Но разве он посторонний?
Сторож так приветливо поклонился ему и с такой готовностью распахнул перед ним двери в хозяйственное отделение департамента сделок, что Савва Лукич весело потрепал сторожа по плечу и сказал, что еще увидит его.
При входе Саввы Лукича в отделение все радостно подняли на него глаза, и лица всех осклабились тою приятной улыбкой, которая словно бы говорила: «Вот бог и подал нашему брату!»
Все низко поклонились, а Савва Лукич, пожимая всем руки, шутливо бросал по сторонам:
— Строчите, строчите, ребятушки. Детям на молочишко настрочите. А приятель-то мой, Егор Фомич, где?
— У директора… Сейчас придет!
— А может, не скоро? Вы, ребята, не морочь, а то уйду…
Все засмеялись в ответ на шутку.
Савва Лукич присел у стола, на котором лежала груда дел в синих обертках. За столом сидел молодой человек и приветливо спрашивал:
— Премию получать?
— Нет, милый человек, другое дело, а насчет премии срок не вышел, а то бы нужно… Нынче мошну порастряс.
Лицо молодого человека приняло вдруг серьезное выражение.
— Если вам нужно, Савва Лукич… — начал он вполголоса.
— Обработаешь?
— Для вас, Савва Лукич, сами знаете…
— Знаю… Ты у меня, брат, верный приятель… Обработывай…
— Срок когда?
— В сентябре с вас, со строчил, сотню тысяч получить…
— Авансом угодно?
— Как хочешь. Аванец так аванец! Я и не думал о премии, а ты таки, спасибо, напомнил!
Молодой человек куда-то скрылся и через пять минут вернулся обратно.
— Можно! — проговорил он тем же полуголосом. — Мы выдадим вам сегодня, а вы завтра, что ли, пришлете удостоверение из завода, что столько-то рельсов отработано.
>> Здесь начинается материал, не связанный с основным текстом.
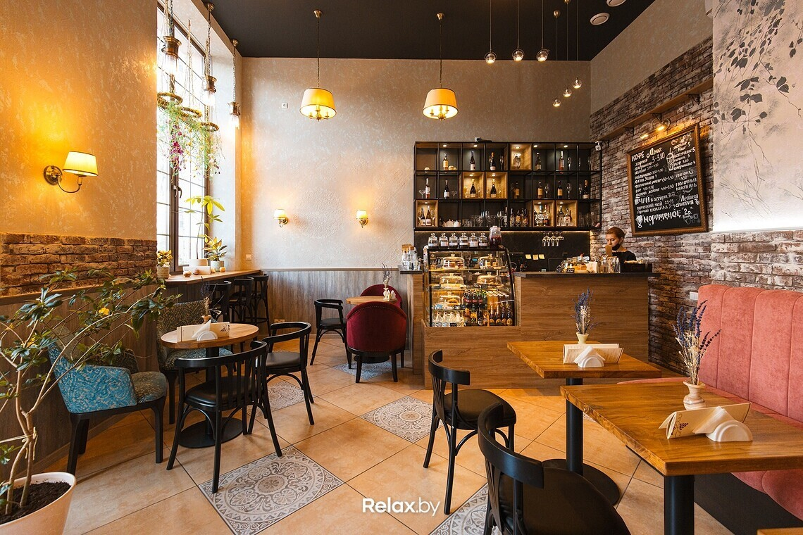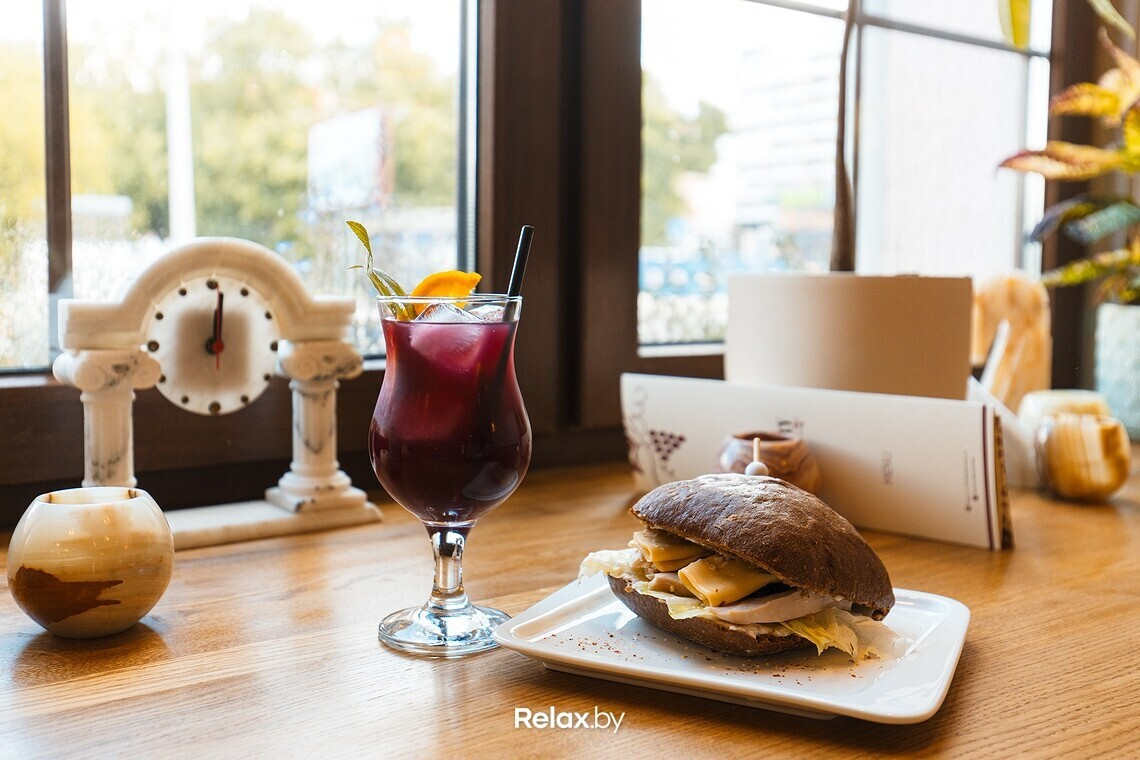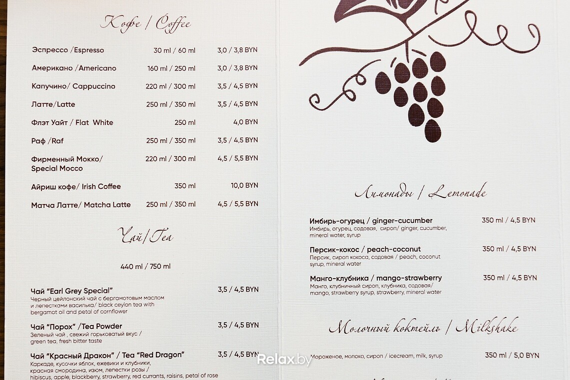 Есть и лаконичная коктейльная карта, в которой представлена в основном классика. Цены можно назвать демократичными: от 8 до 14 рублей. Винная карта поделена на страны, все позиции продают побокально (9 позиций от 7 до 8 руб.). Перекусить в кофейне тоже получится: помимо десертов, здесь подают салаты, брускетты, сэндвичи, сырную тарелку.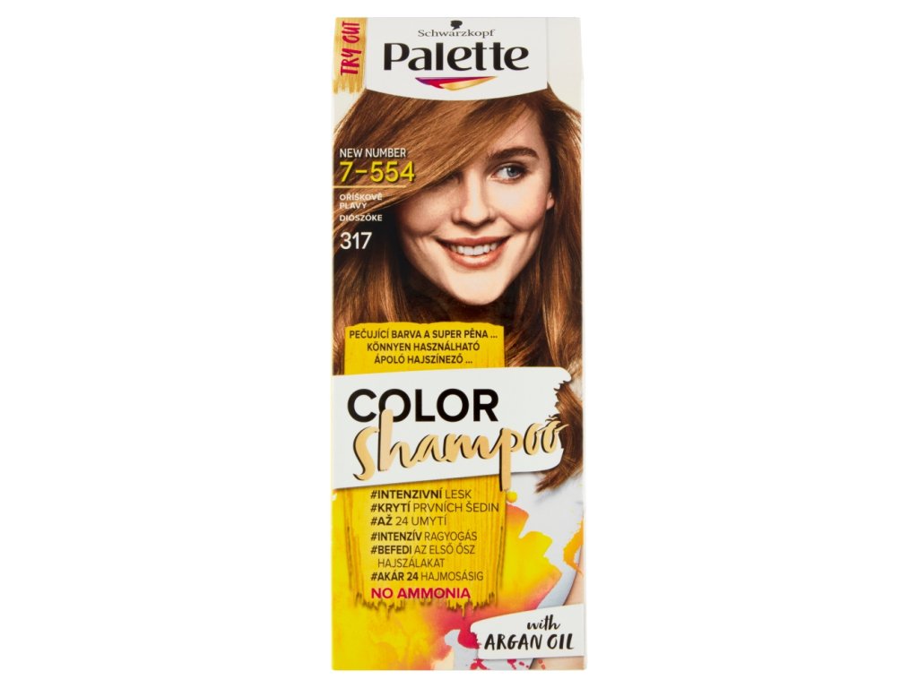 Specjalna formuła bez amoniaku, wzbogacona olejkiem arganowym, pielęgnuje włosy od nasady aż po końce podczas farbowania. Unikalne połączenie kremu koloryzującego i niskostężonego aktywatora (z wyjątkiem odcieni 320, 315, 321, 308, 317, 3%) sprawia, że szampon Palette Color jest znacznie delikatniejszy w porównaniu z innymi, bardziej skoncentrowanymi aktywatorami (6% i więcej). Dodatkowo, specjalne pigmenty zawarte w formule zapewnią włosom doskonały efekt kolorystyczny. Rezultatem są naturalnie wyraziste, zdrowo wyglądające włosy o wzmocnionym połysku.

— Ладно… ладно… А вот и приятель! — проговорил Савва Лукич, протягивая руку пожилому маленькому чиновнику с самым обыкновенным, простым лицом и маленькими серыми глазками, скромно опущенными долу…
Этого маленького скромного человечка все дельцы знали хорошо и старались его задобрить. В своем департаменте он был настоящим воротилой и работником, и если Егор Фомич обещал, хотя бы сам министр отказал в чем-нибудь, то проситель был спокоен, потому что «Егор Фомич обещал». Должность у него была невидная, вроде столоначальника, а сумел он сделать свою должность такою, какую многие охотно бы купили тысяч за двести, да Егор Фомич не продавал.